第12章 紅い桜の木の下で
『仁蔵さん…』
船内にある倉庫に一人、うずくまる仁蔵さん。
今は無き右手を押さえつけながら苦しそうに荒い息をついていた。
私はそっと近寄り、その右手に手を置く。
いつの間にか仁蔵さんのその右手には紅桜が同化してしまっていた。
「チサか…」
『仁蔵さん…。もう止めよう?これ以上紅桜を使ったら仁蔵さんが壊れちゃうよ…』
仁蔵さんの手がポンと頭に置かれる。
「お苦しみのところ失礼するぜ」
倉庫の入り口には、いつの間にか煙管をふかす高杉さん。
「お前のお客さんだ。
色々派手にやってくれたらしいな。おかげで幕府とやり合う前に面倒な連中とやり合わなきゃならねーようだ。

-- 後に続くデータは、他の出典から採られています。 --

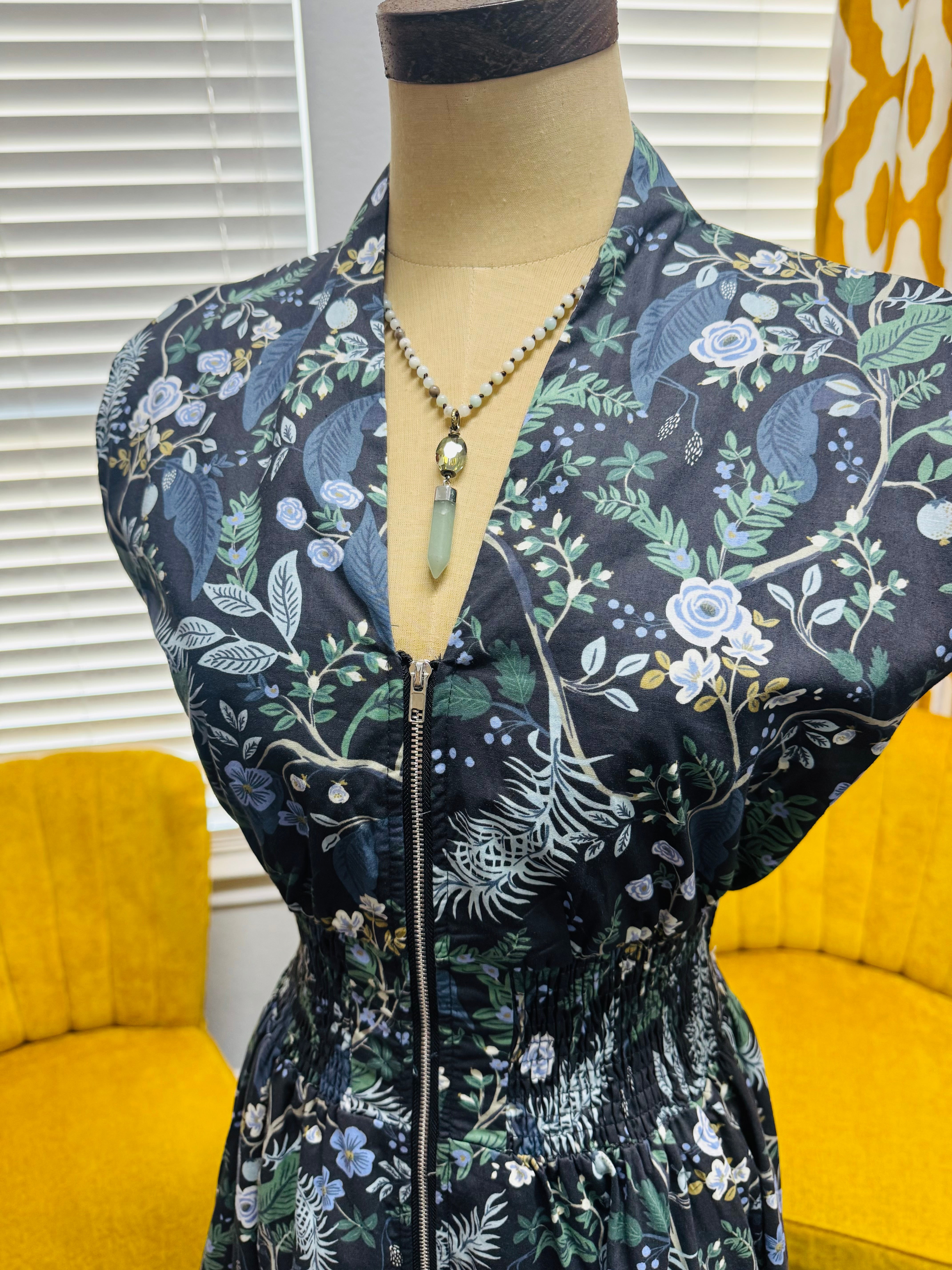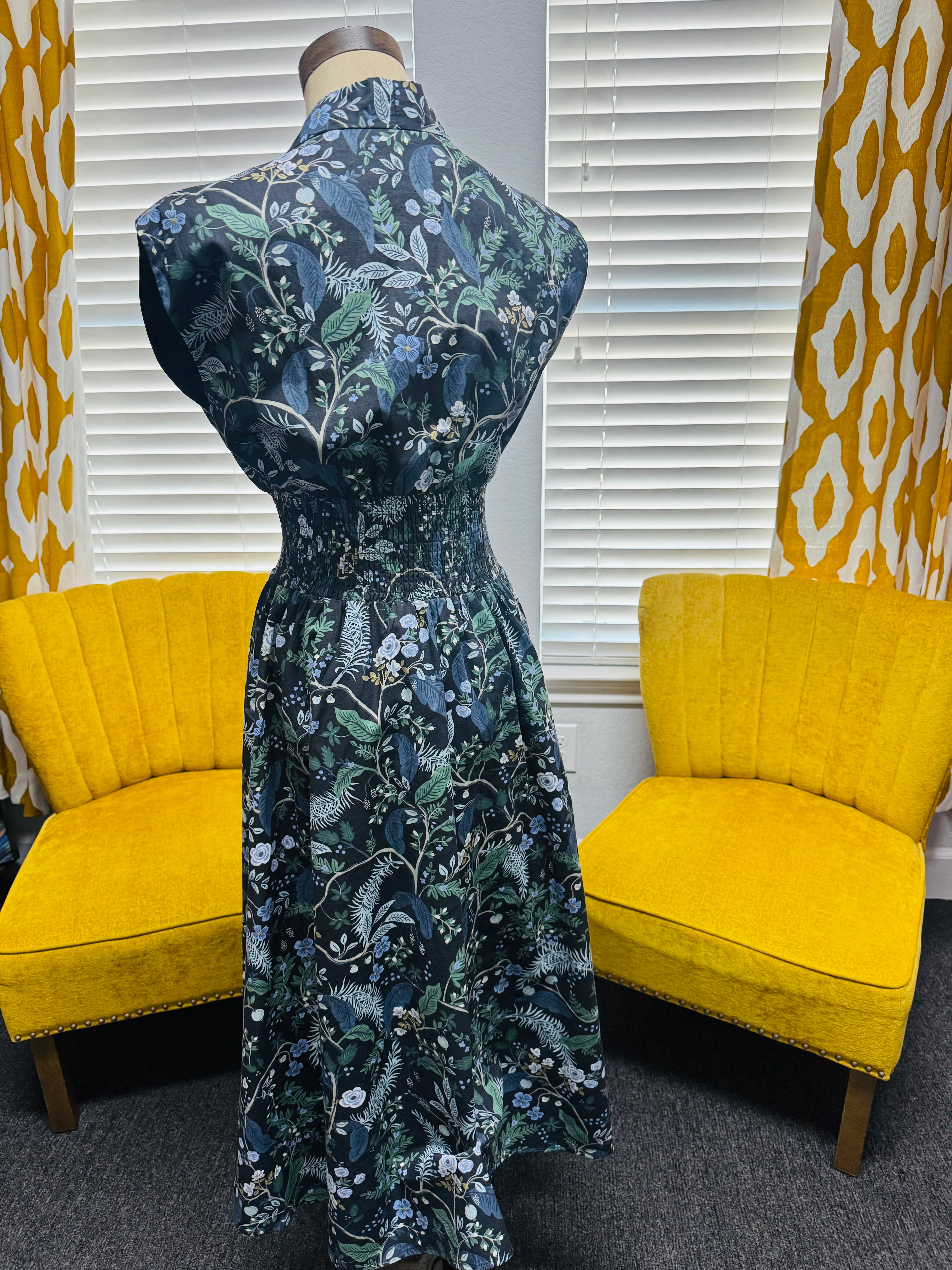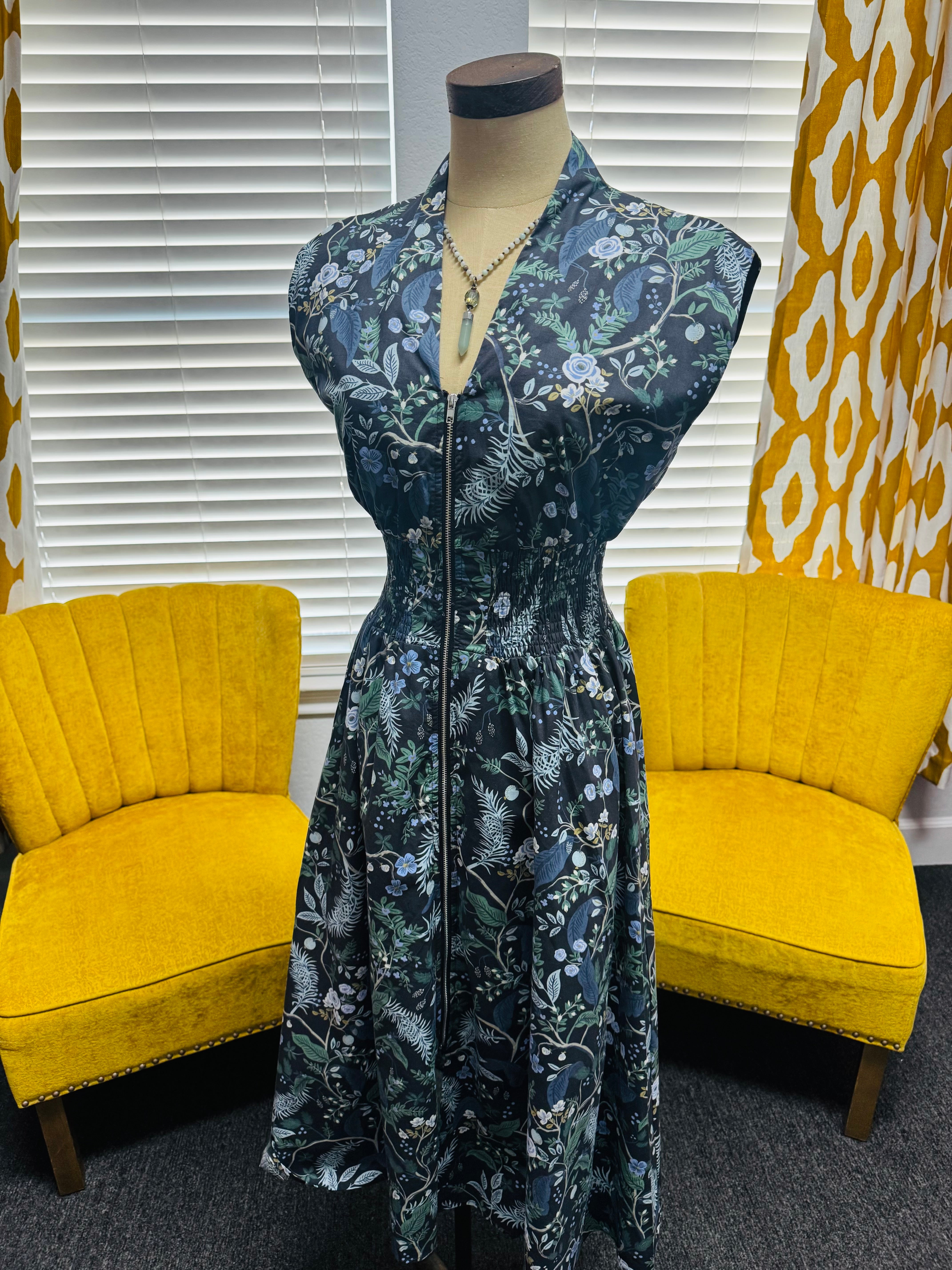 Step into spring with ease in the Breezy Garden Dress. Featuring a flattering smocked waist, drop shoulders, and a flowy midi silhouette, this dress combines comfort and style effortlessly. Functional front zip and pockets make it practical for everyday wear, while the navy-grey floral print keeps it fresh and versatile. Perfect for brunch, errands, or a spring stroll.

…桂殺ったらしいな。おまけに銀時ともやり合ったとか。わざわざ村田まで使って」
口許は怪しげな笑みを浮かべているが、その皮肉めいた言葉、声色から不機嫌なのが解る。
「で?立派なデータはとれたのかぃ?村田もさぞお喜びだろう。奴は自分の剣を強くすることしか考えてねーからな」
ギロリと睨む高杉さんに、仁蔵さんが挑発めいた笑みを送る。
「アンタはどうなんだい。
昔の同士が簡単にやられちまって、哀しんでいるのか、それとも……」
ガキィィン
高杉さんが刀を抜き、それを仁蔵さんが最早紅桜になった右手で受け止めた。
「ほォ」
高杉さんが感嘆の声をあげる。
仁蔵さんと紅桜をチラリと見、
「随分と立派な腕が生えたじゃねーか。仲良くやってるようで安心したよ。文字通り一心同体ってやつか。
さっさと片付けてこい。アレ、全部潰してきたら今回の件は不問にしてやらァ。どの道連中とはいずれこうなっていただろうしな。
それから…」
倉庫を後にする高杉さんがピタリと立ち止まり、
「二度と俺たちを同志なんて呼び方するんじゃねェ。
そんな甘っちょろいモンじゃねーんだよ俺たちは。
次言ったら紅桜ごとブッた斬るぜ」
鋭い眼光で言い放ち、今度こそ高杉さんは何処かへ行ってしまった。
『…仁蔵さん』
「悪いねチサ、総督様の命令だ。自分の後始末は自分でやるさ」
仁蔵さんは右手を抑え、苦しそうな表情のまま倉庫を後にする。
どうして?
どうしてこうなっちゃうの?
止められないの?
仁蔵さんを苦しめる紅桜が憎い。